On Nov 8, 2006, at 5:59 AM, Doug Gregor wrote:
However, this approach could have some odd side effects when there are
multiple mappings within one context. For instance, we could have
something like:
typedef int foo_t;
typedef int bar_t;
foo_t* x = strlen("oops");
x is a decl, the decl has a type, the context of that instance of the
type is x.
map(int,x) == foo_t.
It is this, because we know that foo_x was used to create x and we
set map(int,x) equal to foo_t as it is created.
It can never be wrong. It can never be wrong, because any use of the
type that would have had the wrong value comes from a specific
context, and that specific context map(type,context) can be set to
_any_ value, including the right value. Put another way, any time
one carries around type outside of a specific context, one also needs
to also carry around the context the type came from.
The error message that pops out would likely reference "bar_t *"
map(int,x) doesn't yield bar_t.
This approach wouldn't help with the implementation of concepts,
because we need to be able to take two distinct types (say, template
type parameters T and U) and consider them equivalent in the type
system.
I'd need to see more specifics, but from just the above... Any data
you need that would make them different, you put into map
(type,context), we're not restricted to just the typedef name.
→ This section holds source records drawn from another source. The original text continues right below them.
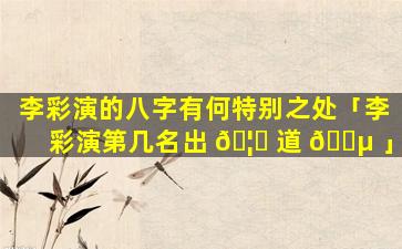总体来看,李,彩,演,的,八字特点是身旺财弱性格稳重踏实但略显倔强事业运平淡感情运竞 🕊 争多健康运方面需要注意脾胃健康。具体,运。势走向需要结合时柱进行进一步分析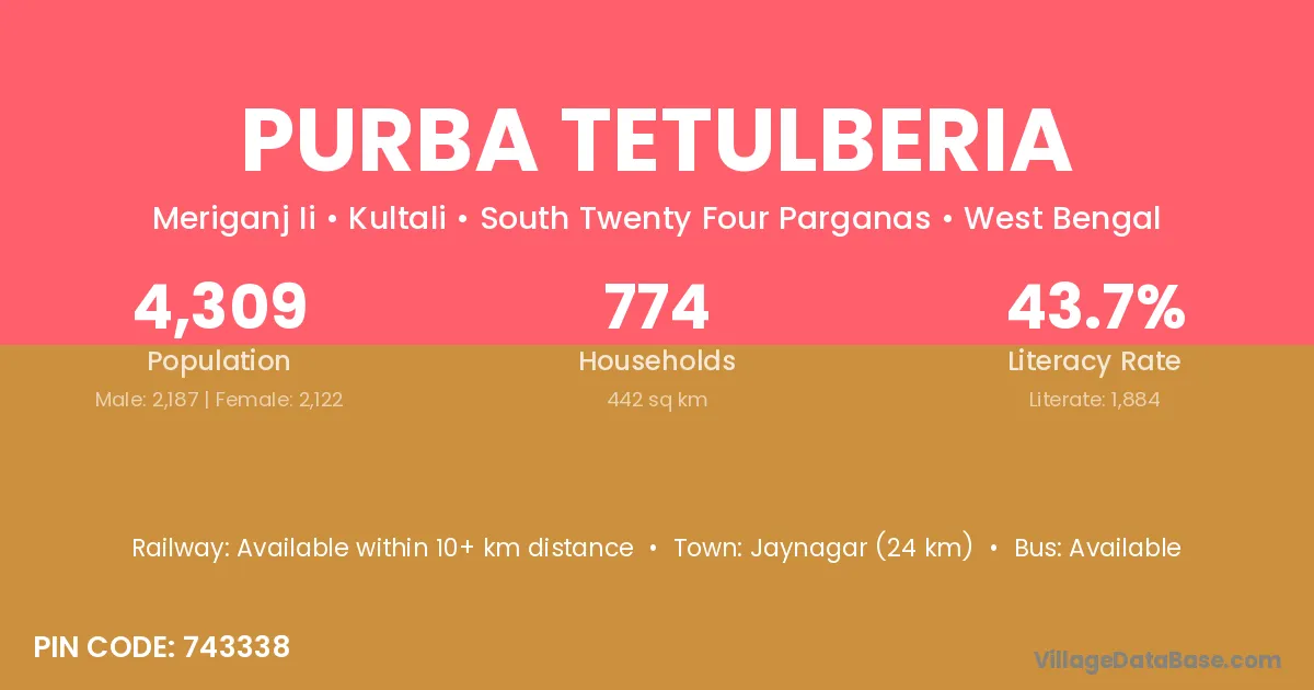 Purba Tetulberia village has a total population of 4,309 people, of which 2,187 are males and 2,122 are females.
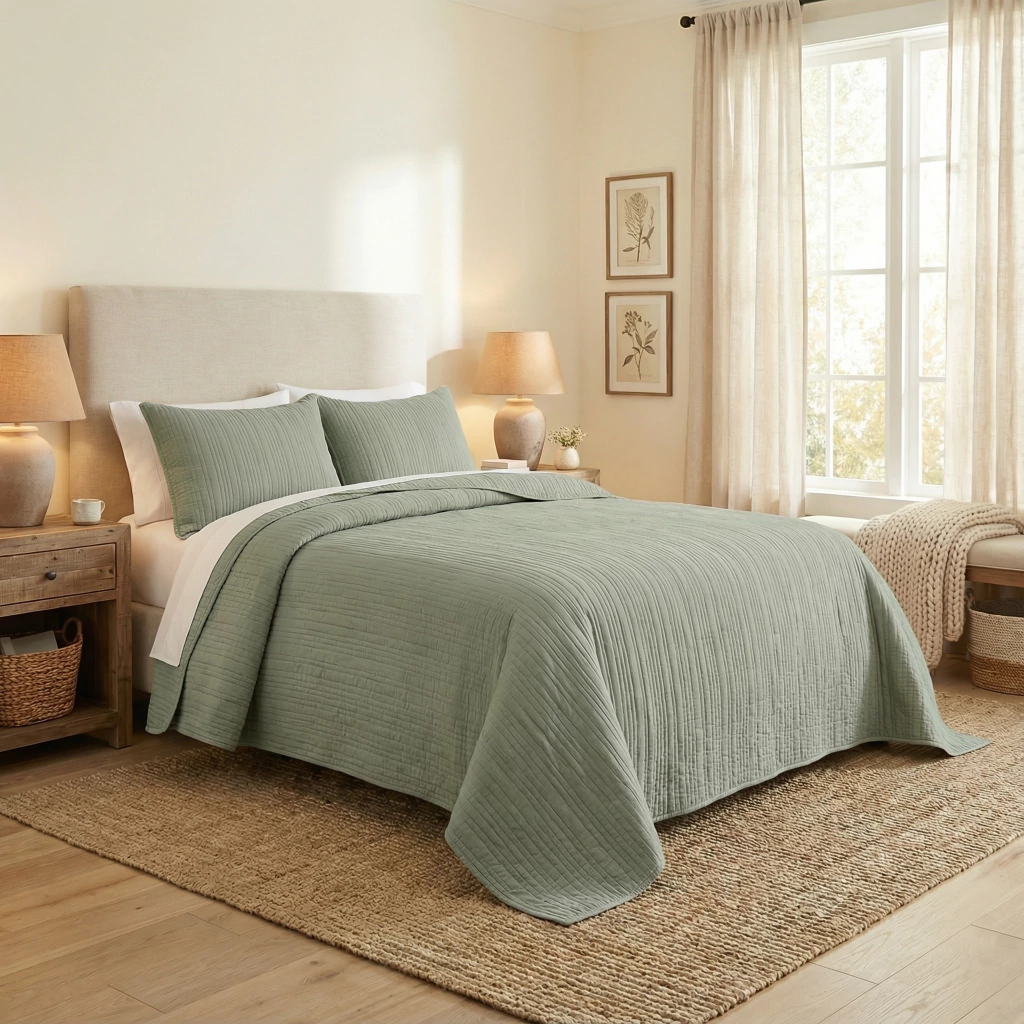Es el cubrecama perfecto para acompañar tu descanso. Es liviano y fresco lo que hace que sea ideal para Temporada Primavera/Verano. Incluye 2 fundas de almohadas haciendo juego.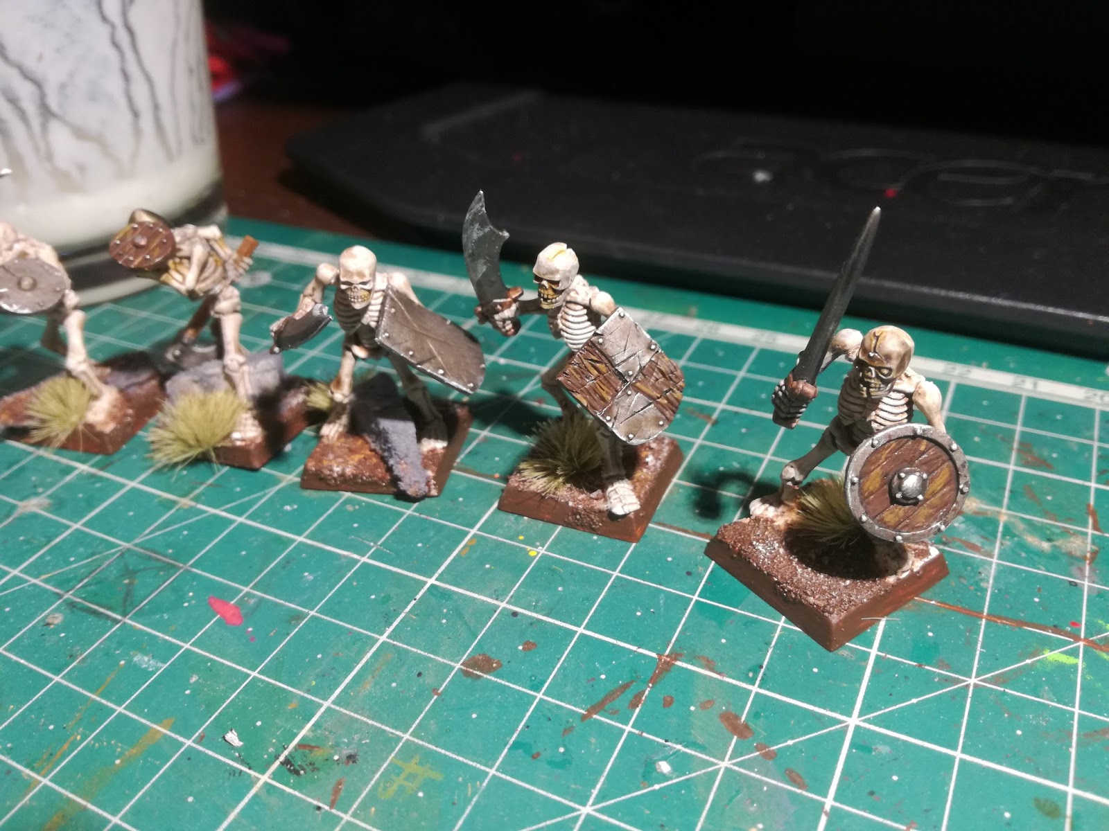 Motywacja musi być a że pojawiła się opcja pojawienia na turnieju kwietniowym to zaczynam malować oraz uzupełniać wyswigiem amie. Przede mną koło 50 szkieletów, 5 psiaków, 10 black knights zaczynam od szkieletów dwie nocki i prawie skończona pierwsza 10-tka

Once
you do that, then you discover that what's left, is identical, and
since they are identical, they have the same address, and the same
address makes them the same type.
The two things this doesn't work on are if you have two different
notions of equality, my scheme (unaltered) can only handle 1
definition for equality, or some of the temporal aspects, like, we
didn't know T1 and T2 were the same before, but now we do, because
they are both int. The later case I'm expecting to not be an issue,
as to form the type, you do the substitution and after you do it, you
replace T1 with int (creating data in map(int,context), if you later
need to know this was a T1 for any reason (debugging, error
messages)). These bubble up and one is left with the real type, and
then equality remains fast, post substitution. Reasoning about type
equality pre-substitution remains slow.
You can even get fast unsubstituted comparisons for a particular
definition of equality. You boost the substitution bits out as
variants, notice then, you have nothing left, and nothing is nothing,
so the values wind up being the same again. Now to get comptypes to
work, you just have to add code to compare the boosted variants in
the top of comptypes. Now, before you say that that is as bad as
what we had before, no, it isn't. If the type is equal, then you can
immediate fail the comparison, this takes care of 90% of the calls.
After than you check the variants for equality and return that. The
one address compare doesn't hit memory and can answer most of the
equations by itself. The variants are all on one cache line, and if
the cost to compare them is cheap, it is just two memory hits.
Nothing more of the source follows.